Варди Соларстейн

День Боевых Машин

17 декабря 1939 года. Позиции 123 стрелковой дивизии.

Командир 217-танкового батальона, старший лейтенант Лебедев, отвернул полог палатки и вновь взглянул на поле, лежащее северо-западнее позиций советских войск. Сквозь утренние сумерки и туман угадывались очертания двух гигантских холмов. Вечно запаздывающее в этих северных краях солнце еще не озарило острые верхушки елей. А учитывая облачность, и не осветит сегодня вообще. На финской стороне все было бело и аккуратно. Лебедев посмотрел на грязный снег, перемешанный с глиной, следами сапог и гусениц у лагеря танкового батальона, только позавчера вышедшего на эти позиции, и тяжело вздохнул. Затем, нервно сплюнув, вернулся в общую палатку.

Военком батальона, политрук Малыгин, косо взглянув на вновь вошедшего командира, с надрывом продолжил свою филиппику:

— Товарищи, завтра мы прорвем эту линию финнов!

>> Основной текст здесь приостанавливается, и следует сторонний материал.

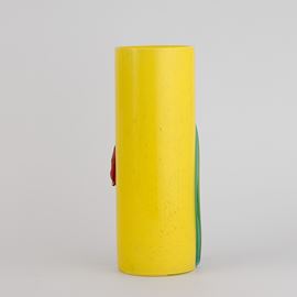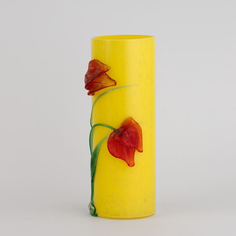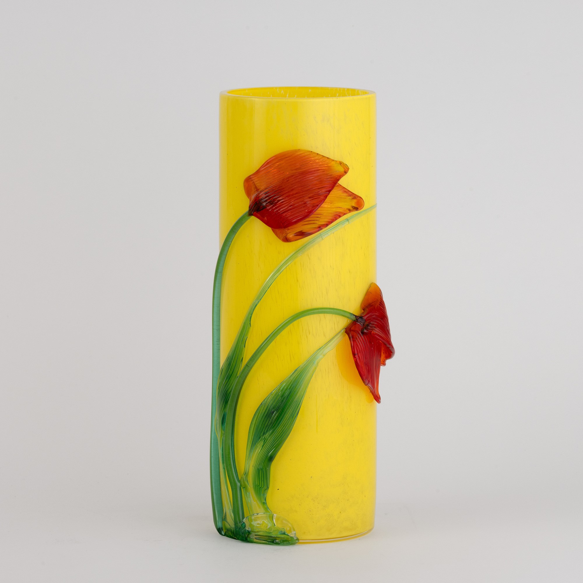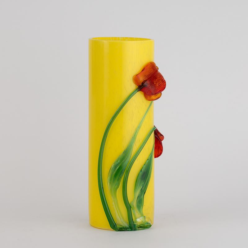 Vaso a cilindro in vetro soffiato con decoro di polveri policrome e applicazioni di tulipani in vetro modellato a caldo.
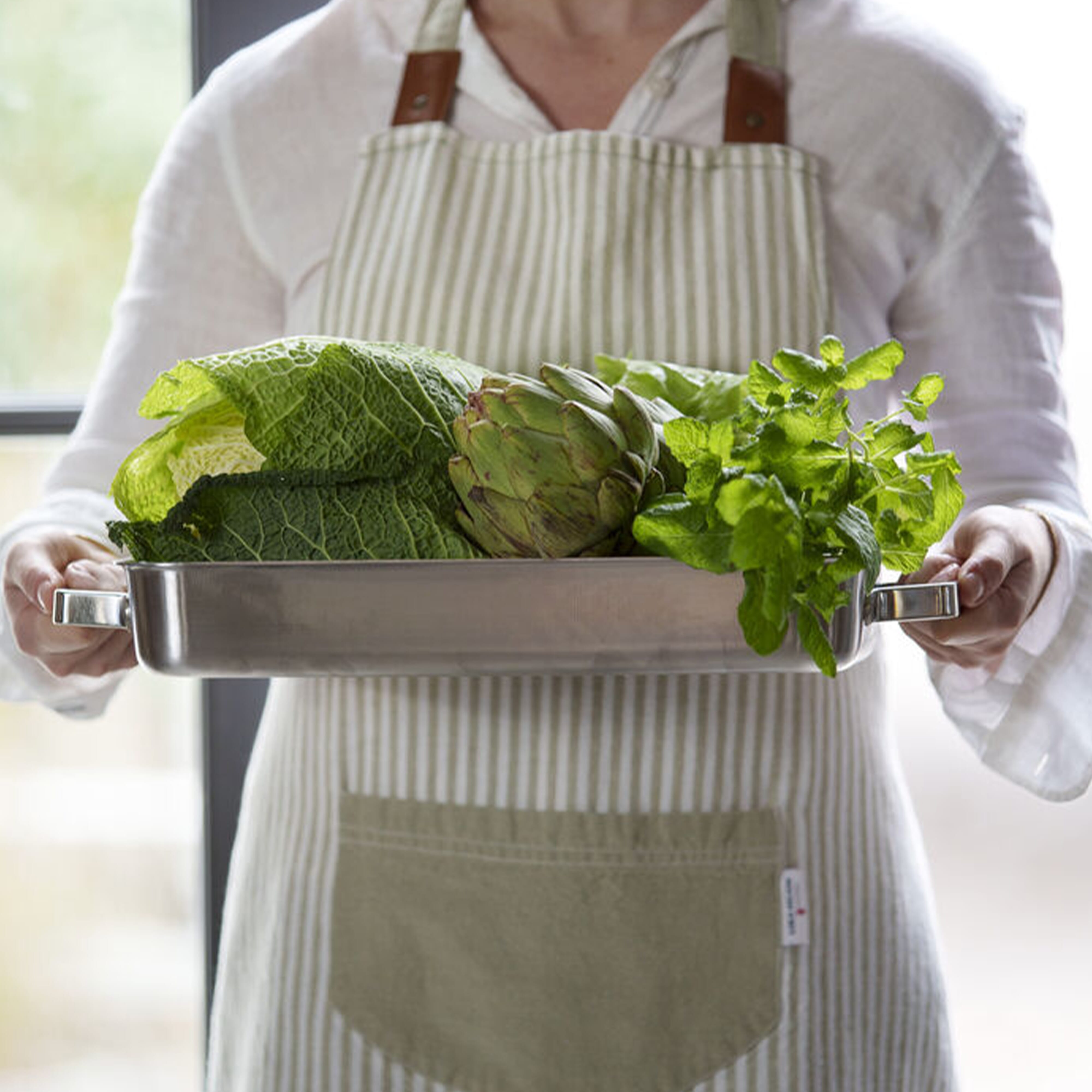 Diese Schürze aus der Victory-Serie von Lord Nelson vereint schwedisches Design, Schlichtheit und hochwertige Materialien. Sie besteht aus Baumwolle und Leinen und verfügt über eine praktische Fronttasche sowie verstellbare Bänder an Taille und Hals. Stilvolle Details in PU-Lederoptik runden das elegante Erscheinungsbild ab.
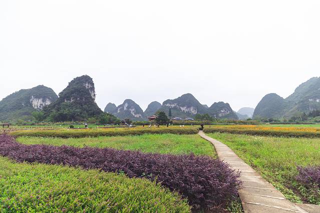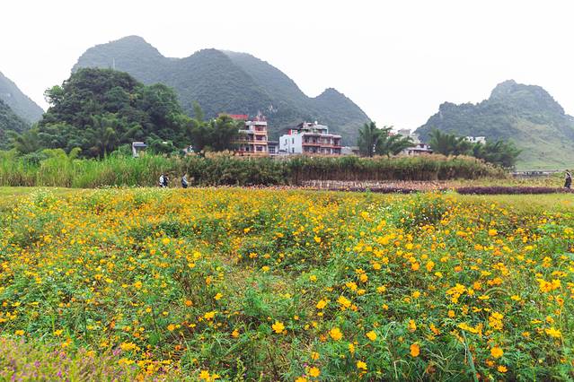 这条步道左边是遇龙河,右边是稻田,路两边还种着鲜花,这才是我心目中适合骑行的路。这里能看见不断有竹筏漂过,在河边拍照很好看。

Поломаем, перемелем, пойдем дальше, сминая сопротивление гусеницами и подавляя превосходящим огнем! И уже с рассветом следующего дня наши передовые части, на плечах врага, ворвутся на улицы Выборга, исконного русского города, подло захваченного белофиннами! И огни этого пока чужого, белогвардейского города, завтра станут нашими, советскими!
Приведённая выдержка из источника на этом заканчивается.